Year 3 – 2016 Drink 2 bottles

Year 4 – 2017 Drink 2 bottles

Year 5 – 2018 Drink 2 bottles

Year 6 – 2019 Drink 2 bottles

Year 7 – 2020 Drink 1 bottle

Year 8 – 2021 Drink 1 bottle

Year 9 – 2022 Drink 1 bottle

Year 10 – 2023 Drink 1 bottle

Repeat the purchase of one case for the cellar each year and you will always have the pleasure of selecting from a range of vintages when you open a Grasshopper Rock.

It may seem a long term plan but if you enjoy wine and the hidden world of aged Grasshopper Rock you will act now. We will only guarantee two things:

  1. You will get a lot of enjoyment seeing Grasshopper Rock evolve over many years.
  2. Buying old vintages of Grasshopper Rock is both difficult and expensive.
Cellaring is simply setting wine aside in a room or enclosed space suitable for storing wine.

Cellaring it is not difficult and with a little self discipline and forward thinking you will be well rewarded. If you have a place you can call your cellar then it does help avoid the temptation to grab a bottle when it should really be left for another year. A cellar can be purpose build either professionally or by any handy person. The environment you want to achieve avoids daily temperature fluctuations, light and continual vibrations. Many homes, garages and basements already have such spaces and closing them off will enhance and secure the space. Off-site specialist wine storage is another option.

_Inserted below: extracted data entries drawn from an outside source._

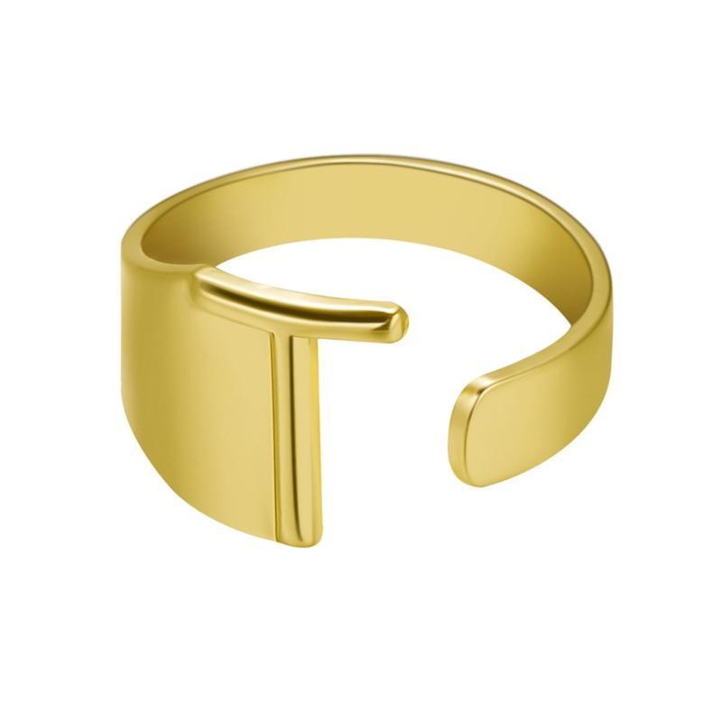 Guldpläterad ring med bokstäver minimalistisk justerbar
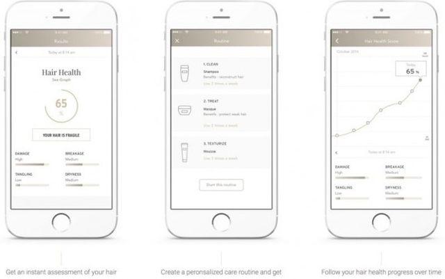 Zebrane dane przesyłane są do smartfona gdzie dodatkowo aplikacja zbiera informacje o warunkach pogodowych i wydaje użytkownikowi zalecenia jak lepiej dbać o włosy.
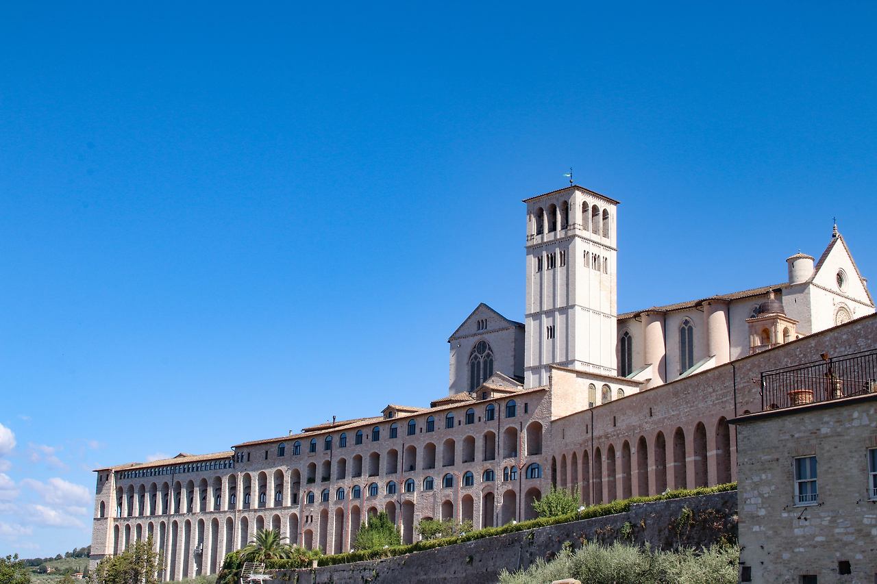 이튿날 오래간만에 숙소에서 아침을 해결하고 본격적인 도시 구경을 시작했다. 버스를 타고 올라올 때 보았던 길쭉한 성당으로 먼저 향했다. 지겹도록 보던 유럽식 건물이지만 베니스에서 바다와 함께 봤을 때 느낌이 달랐던 것처럼 산 위에서 새파란 하늘과 함께 보니 또 다른 느낌이었다. 성당의 전체 모습을 담으려 올라가는 길 중턱에 서 있는데 사람들이 연이어서 올라와 사진 찍기가 어려웠다. 버스를 타고 단체로 온 그들은 외국인 관광객이 아닌 이탈리아 사람들이었다. 알고 보니 이 곳 아시시는 성 프란체스코가 태어난 가톨릭 성지로 유명한 곳이었다.
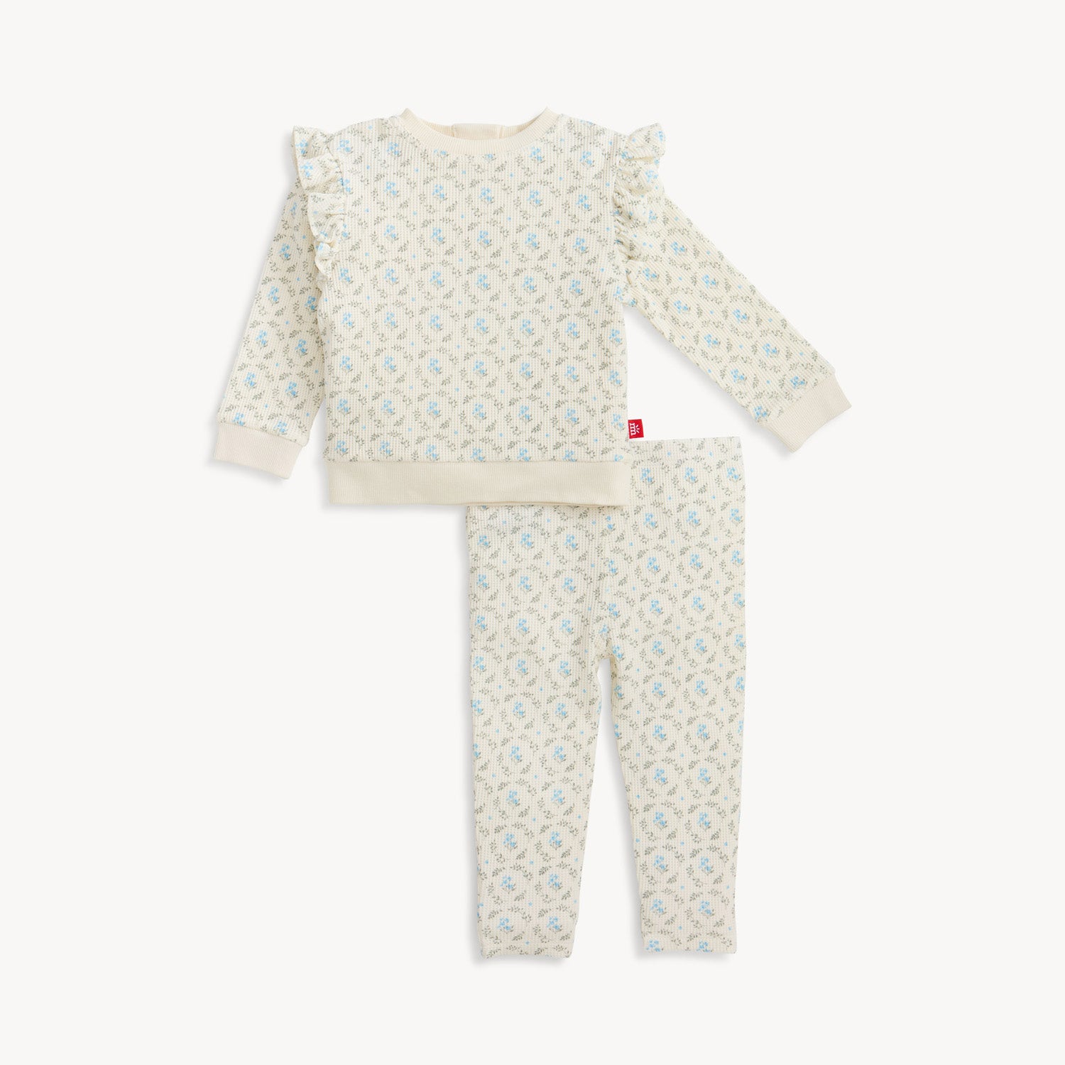 Adorable little set made of waffle cotton, magnetic neck opening make for easy on and off.

  1. Avoid light and vibrations – these are easiest to avoid.
  2. Avoid large daily temperature fluctuation. Less temperature variation is better.
  3. Avoid high temperature storage conditions. Lower steady temperatures are better (eg. 12 deg C)
  4. In NZ unless you have temperature controlled storage you will probably struggle to keep summer cellar temperatures under 18 deg. If your cellar is insulated this is ok as the daily fluctuations will be low. High daily fluctuations will cause earlier ageing than a higher stable temperature.